- _RECORDS SHOWN_
◇ ◇ ◇ ◇ ◇ ◇ ◇
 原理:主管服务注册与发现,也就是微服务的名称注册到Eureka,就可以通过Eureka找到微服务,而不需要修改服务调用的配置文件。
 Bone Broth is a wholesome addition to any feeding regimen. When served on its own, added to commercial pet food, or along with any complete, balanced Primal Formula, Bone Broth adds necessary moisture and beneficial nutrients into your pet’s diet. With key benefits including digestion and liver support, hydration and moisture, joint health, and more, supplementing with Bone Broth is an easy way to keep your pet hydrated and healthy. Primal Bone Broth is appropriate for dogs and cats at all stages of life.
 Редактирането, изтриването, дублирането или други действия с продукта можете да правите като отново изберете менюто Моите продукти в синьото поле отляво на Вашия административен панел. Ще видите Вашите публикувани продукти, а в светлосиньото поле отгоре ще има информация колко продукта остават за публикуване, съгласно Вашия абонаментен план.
◇ ◇ ◇ ◇ ◇ ◇ ◇
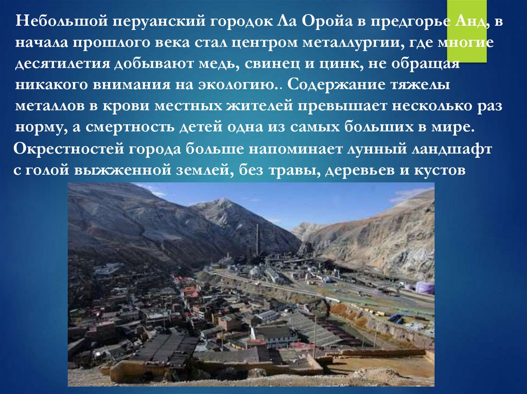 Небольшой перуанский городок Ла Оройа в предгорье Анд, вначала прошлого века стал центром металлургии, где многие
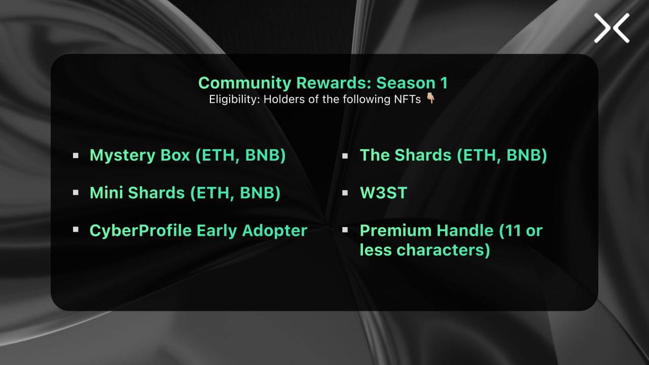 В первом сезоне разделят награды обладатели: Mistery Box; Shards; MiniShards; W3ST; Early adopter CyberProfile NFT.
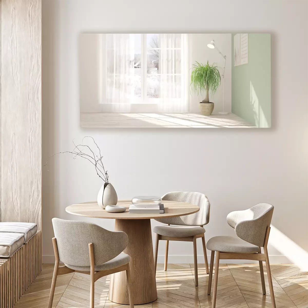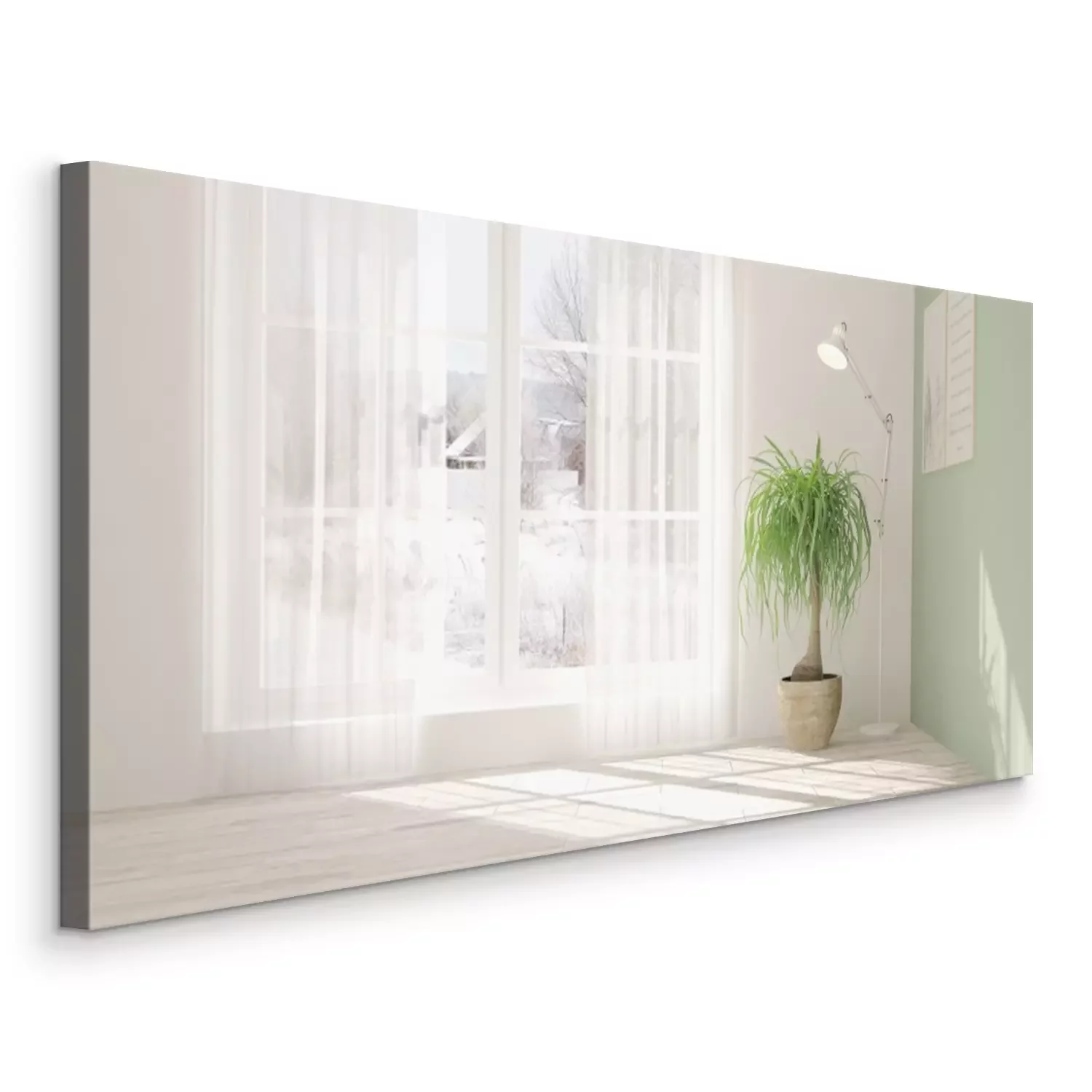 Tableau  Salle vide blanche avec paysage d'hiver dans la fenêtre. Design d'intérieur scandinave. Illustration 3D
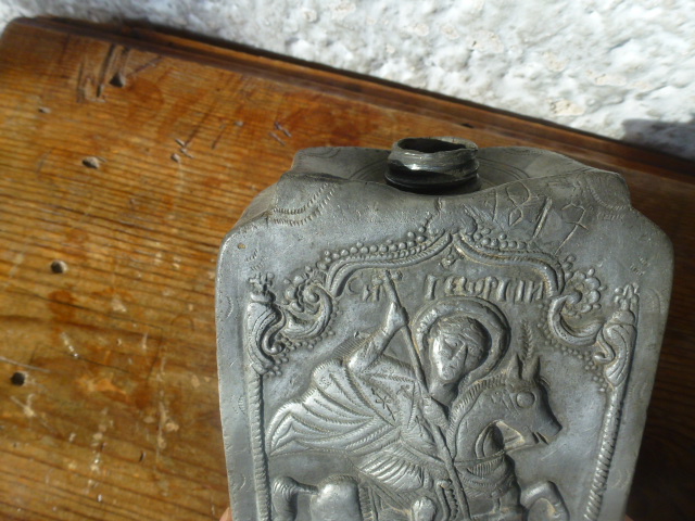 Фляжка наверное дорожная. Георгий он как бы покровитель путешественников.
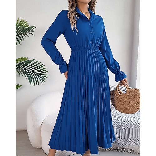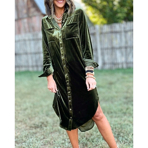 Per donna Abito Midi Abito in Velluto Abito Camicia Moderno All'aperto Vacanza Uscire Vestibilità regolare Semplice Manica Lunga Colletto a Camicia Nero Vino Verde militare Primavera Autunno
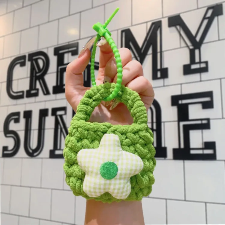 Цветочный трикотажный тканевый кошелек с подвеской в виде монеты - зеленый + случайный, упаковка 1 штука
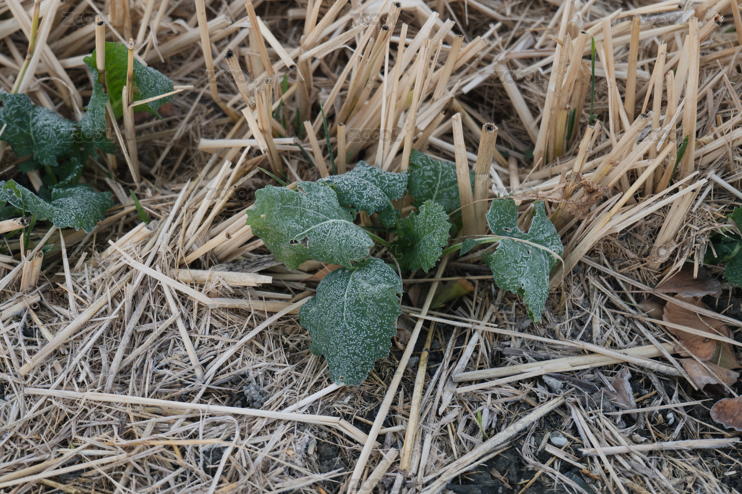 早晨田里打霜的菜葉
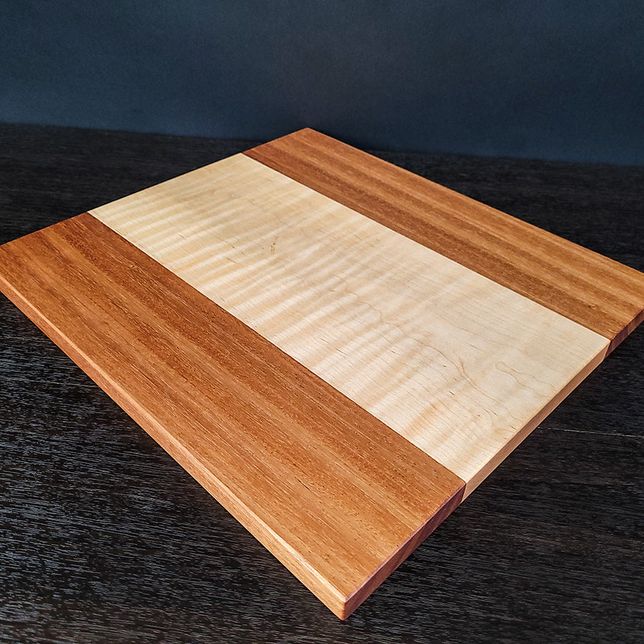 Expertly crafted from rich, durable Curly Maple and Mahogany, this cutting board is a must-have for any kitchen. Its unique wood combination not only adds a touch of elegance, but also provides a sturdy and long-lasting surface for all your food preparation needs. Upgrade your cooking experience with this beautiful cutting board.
◇ ◇ ◇ ◇ ◇ ◇ ◇
- _DIRECTIONS FOR THIS TASK_
Would you write out exactly the lines above, starting at the line containing "Небольшой перуанский городок" and stopping after the line containing "Фляжка наверное дорожная."? Omit the pictures.

- _REPLY_
 Небольшой перуанский городок Ла Оройа в предгорье Анд, вначала прошлого века стал центром металлургии, где многие
 В первом сезоне разделят награды обладатели: Mistery Box; Shards; MiniShards; W3ST; Early adopter CyberProfile NFT.
 Tableau  Salle vide blanche avec paysage d'hiver dans la fenêtre. Design d'intérieur scandinave. Illustration 3D
 Фляжка наверное дорожная. Георгий он как бы покровитель путешественников.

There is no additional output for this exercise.